Labelling points as in the interactive diagram, and with a = PT, b = PU and c = PS.
Conjecture: a+b+c is constant as long as P remains within the triangle.
Consider the triangle PTC.  It is a right-angled triangle, with base TC.  Its height is a, since the side of length a is perpendicular to the base.
Therefore, its area is ½a*TC.
Similarly, the area of triangle PTB is ½a*TB; and similarly for the other four triangles PSA, PSB, PUA and PUC.
Hence, the total area of the six small triangles is
At = ½aTC + ½aTB + ½bUA + ½bUC + ½cSA + ½ cSB
Factorising,
At = ½(a(CT + TB) + b(AU + UC) + c(AS + SB))

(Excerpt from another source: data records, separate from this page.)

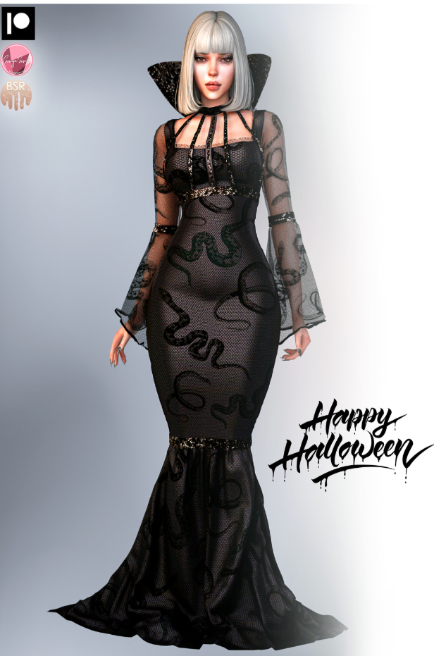 Чтобы создать роскошный образ на Хэллоуин, это платье в 25 разных цветах станет настоящим сюрпризом! Благодаря шелковой текстуре, уникальным рукавам и элегантным змеям ваш сим будет привлекать к себе внимание, как гламурная химера.
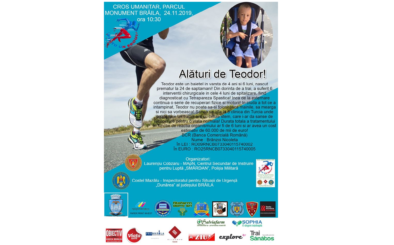 Cei care nu pot ajunge la crosul caritabil de duminică pot face donaţii în conturile deschise pe numele Brânzoi Nicoleta, mama lui Teodor, la BCR.
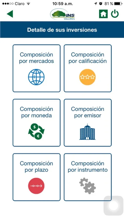 - Sus inversiones mediante un resumen de su estado de cuenta. También podrá consultar la composición de sus inversiones por mercados, calificación de riesgo, moneda, emisor, plazo e instrumento y dentro de cada uno podrá obtener el porcentaje de distribución respectivo.
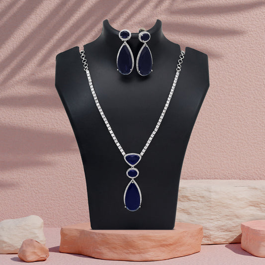 Blue Color American Diamond Necklace Set (CZN1028BLU)
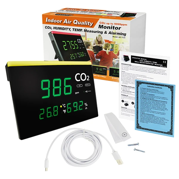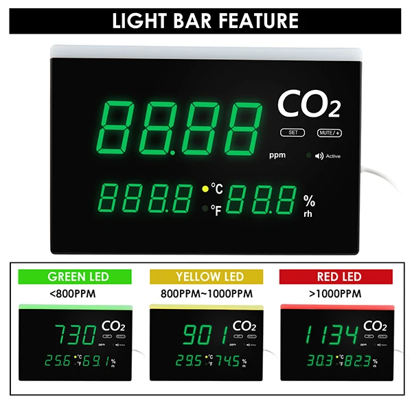 Multifunctional: simultaneous, continuous and real-time readings of both CO2, temperature and humidity level. Monitor indoor air quality with only one instrument.
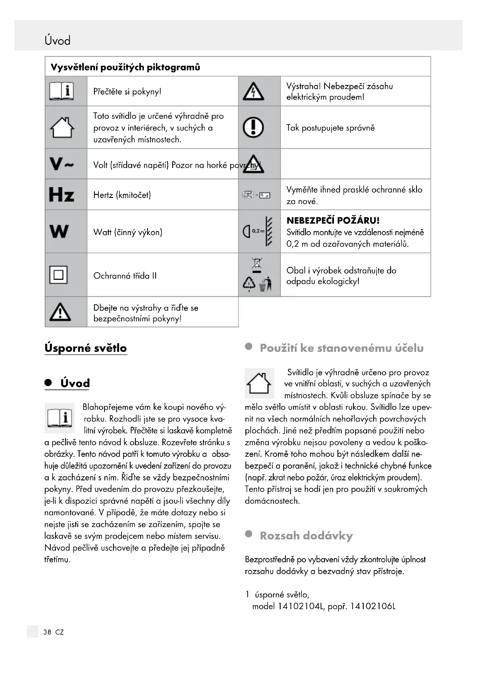 Rozsah dodávky Bezprostředně po vybavení vždy zkontrolujte úplnost rozsahu dodávky a bezvadný stav přístroje. 1 úsporné světlo, model 14102104L, popř. 14102106L39 CZ Úvod / Bezpečnost 1 zářivka T 5, 13 W 1 napájecí kabel 1 spojovací kabel 2 hmoždíky 2 šrouby 1 návod k obsluze
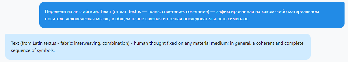Вот простейший пример того, как можно использовать ChatGPT для перевода: "Переведи на английский: Текст (от лат. textus — ткань; сплетение, сочетание) — зафиксированная на каком-либо материальном носителе человеческая мысль; в общем плане связная и полная последовательность символов."
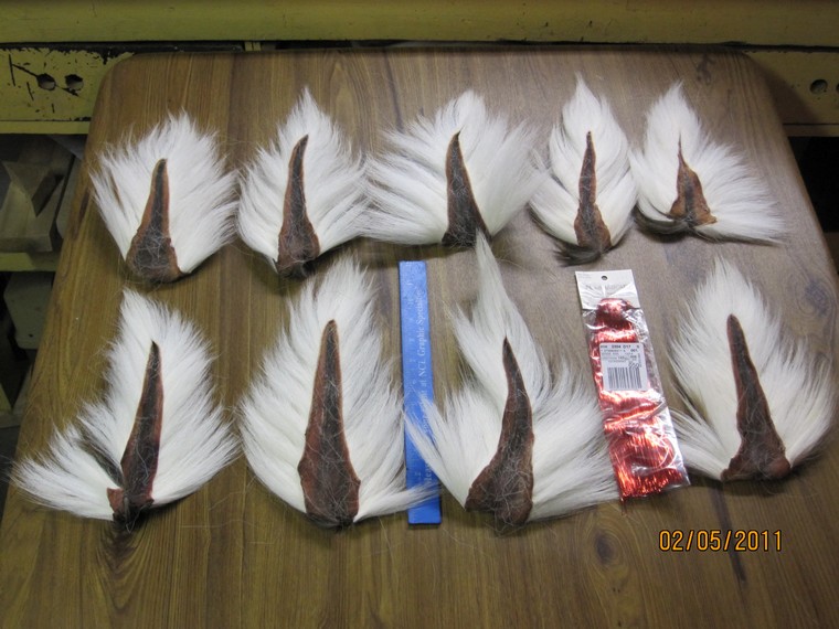 For Sale; 9 (Nice), New Large deer tails, all natural color, + Hedron red tinsel.
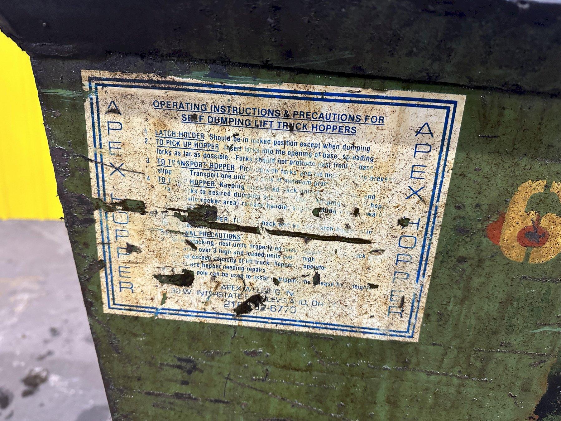 60" X 36" X 36" APEX PORTABLE DUMP HOPPER ON CASTERS: STOCK 20073
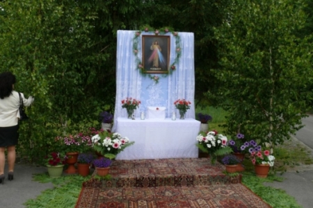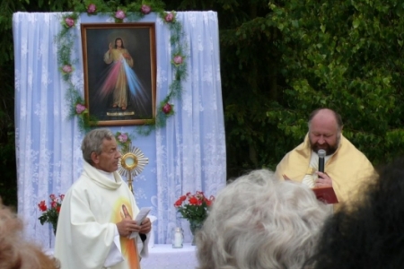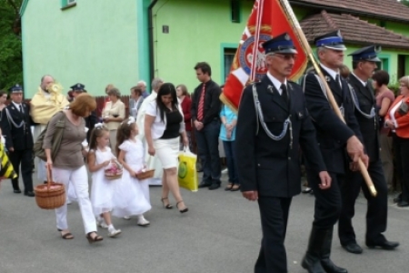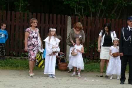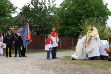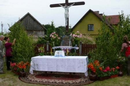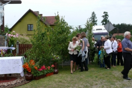 Ołtarze były usytuowane od państwa Krupy w stronę kościoła. Dziewczynki posypywały drogę procesji kwiatami, śpiewano pieśni ku czci Najświętszego Sakramentu, a nasi strażacy służyli pomocą niosącemu Święty Sakrament kapłanowi. To ważne kościelne święto licznie zgromadziło naszych mieszkańców, którzy oddali cześć Ciału i Krwi Pańskiej.

But CT + TB = CB, and similarly for the others, giving
At = ½(aCB + bAC + cAB)
Now we apply two geometrical facts.  Firstly, since triangle ABC is equilateral, AB = AC = CB = some value which we will label 'k'.

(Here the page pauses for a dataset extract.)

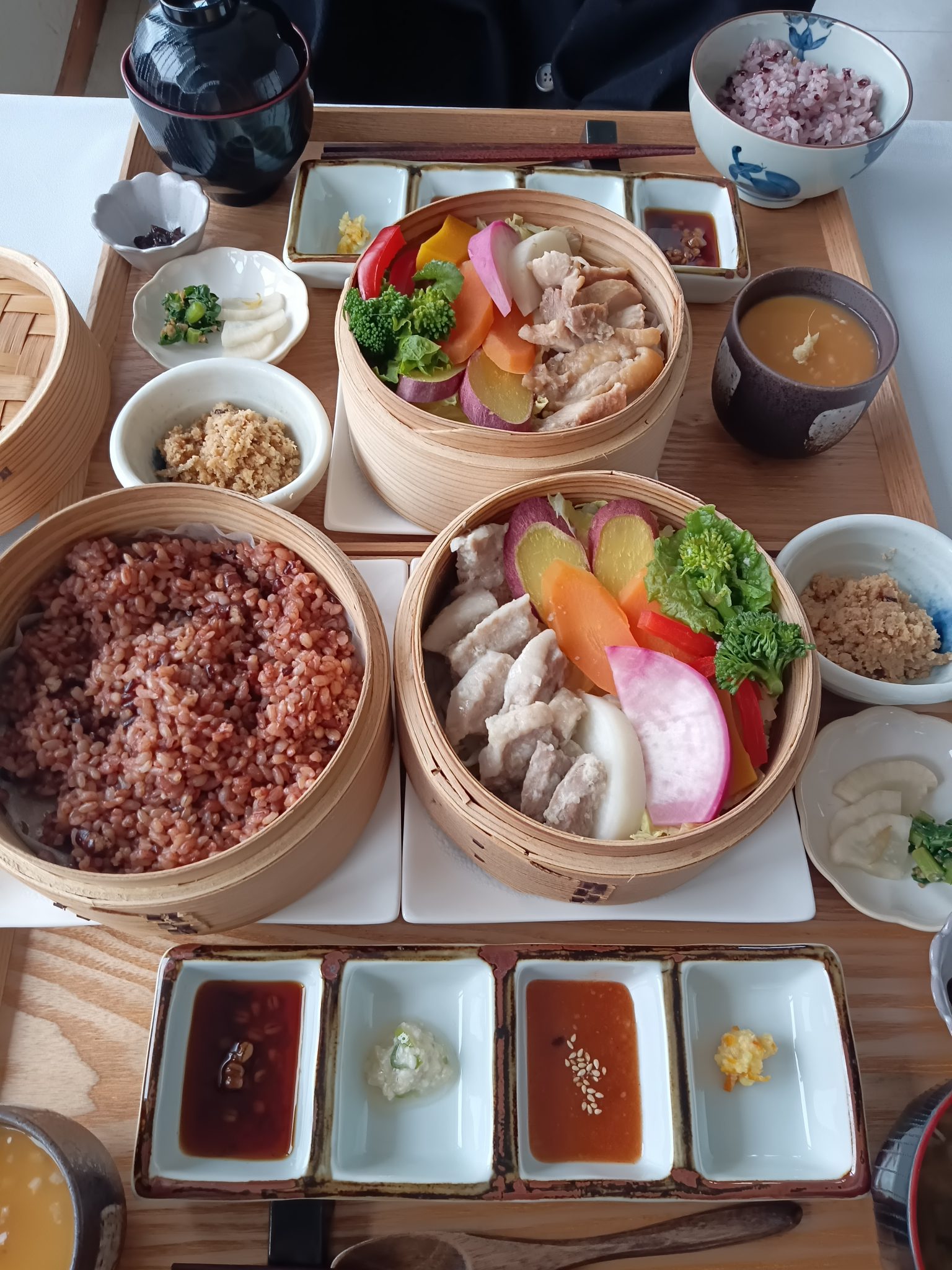 ・LUNCH MENU豚・鶏(白米or黒米・旬の野菜蒸し・汁物・茶碗蒸し・小鉢・漬物付き) 1,500円 ※ご飯大盛り+100円・発酵玄米+300円 ・発酵ちまき 600円 ・三種の自家製アイス(バニラ・ヨーグルト・酒粕) ミニ200円・レギュラー450円 ・黒にんにく糀 90g660円・150g1,100円 |

Therefore At = ½(ak + bk + ck)
Secondly, the six small triangles collectively make up the large triangle ABC, and therefore At is also the area of ABC.
Since ABC does not change in area however much we move P, At is a constant.

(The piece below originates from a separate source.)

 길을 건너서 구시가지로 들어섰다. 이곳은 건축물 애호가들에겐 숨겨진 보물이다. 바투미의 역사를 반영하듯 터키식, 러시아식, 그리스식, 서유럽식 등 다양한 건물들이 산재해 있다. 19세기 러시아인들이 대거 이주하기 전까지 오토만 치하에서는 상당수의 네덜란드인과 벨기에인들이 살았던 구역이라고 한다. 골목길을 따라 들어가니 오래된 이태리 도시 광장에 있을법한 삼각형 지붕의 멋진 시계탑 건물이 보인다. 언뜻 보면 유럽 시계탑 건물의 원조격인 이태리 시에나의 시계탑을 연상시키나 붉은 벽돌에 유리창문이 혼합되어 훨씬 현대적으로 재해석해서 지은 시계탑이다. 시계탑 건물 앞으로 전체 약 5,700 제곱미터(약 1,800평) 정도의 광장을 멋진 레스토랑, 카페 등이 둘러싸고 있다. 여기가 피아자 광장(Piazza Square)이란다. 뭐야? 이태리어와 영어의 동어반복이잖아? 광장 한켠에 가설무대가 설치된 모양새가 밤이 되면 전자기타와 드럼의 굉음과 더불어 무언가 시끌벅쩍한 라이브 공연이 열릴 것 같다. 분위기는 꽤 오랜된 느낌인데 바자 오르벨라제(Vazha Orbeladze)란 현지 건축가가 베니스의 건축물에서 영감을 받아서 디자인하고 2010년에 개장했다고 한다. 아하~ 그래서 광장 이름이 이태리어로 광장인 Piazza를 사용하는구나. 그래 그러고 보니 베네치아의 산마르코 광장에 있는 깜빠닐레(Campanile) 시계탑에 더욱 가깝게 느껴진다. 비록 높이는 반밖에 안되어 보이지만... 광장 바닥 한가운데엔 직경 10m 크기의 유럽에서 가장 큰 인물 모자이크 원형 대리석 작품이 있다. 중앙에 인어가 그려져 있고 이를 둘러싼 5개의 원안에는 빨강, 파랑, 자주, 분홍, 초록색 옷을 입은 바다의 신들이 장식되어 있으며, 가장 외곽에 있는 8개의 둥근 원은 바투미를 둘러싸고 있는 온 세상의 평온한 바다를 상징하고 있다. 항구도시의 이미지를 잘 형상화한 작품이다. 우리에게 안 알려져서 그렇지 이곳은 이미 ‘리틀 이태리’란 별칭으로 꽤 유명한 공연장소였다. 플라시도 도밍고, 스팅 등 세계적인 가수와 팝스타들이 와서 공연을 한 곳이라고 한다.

Rearranging At = ½(ak + bk + ck) gives
2 * At / k = a + b + c
And since k and At are both constant, this means that a + b + c is a constant.
In fact, since At = ½ * height * base, and base is k, and height is k sin 60 which is k√3/2, At = k² √3 / 4.
Therefore a+b+c = 2 * (k² √3 / 4) / k = k√3 / 2.
In other words, the sum of the perpendicular distances from P to each of the sides of the triangle is constant, and equals the side length times one-half of the square root of 3.

This can be seen on the interactive diagram, where the side length is 200, and therefore the formula gives that a+b+c = 200√3 / 2 = 100√3 = 173.205 to 3 decimal places - which is the value given by the diagram.

Of course this result only holds as long as P is within the triangle, since otherwise the areas of some of the triangles would have to be subtracted rather than added.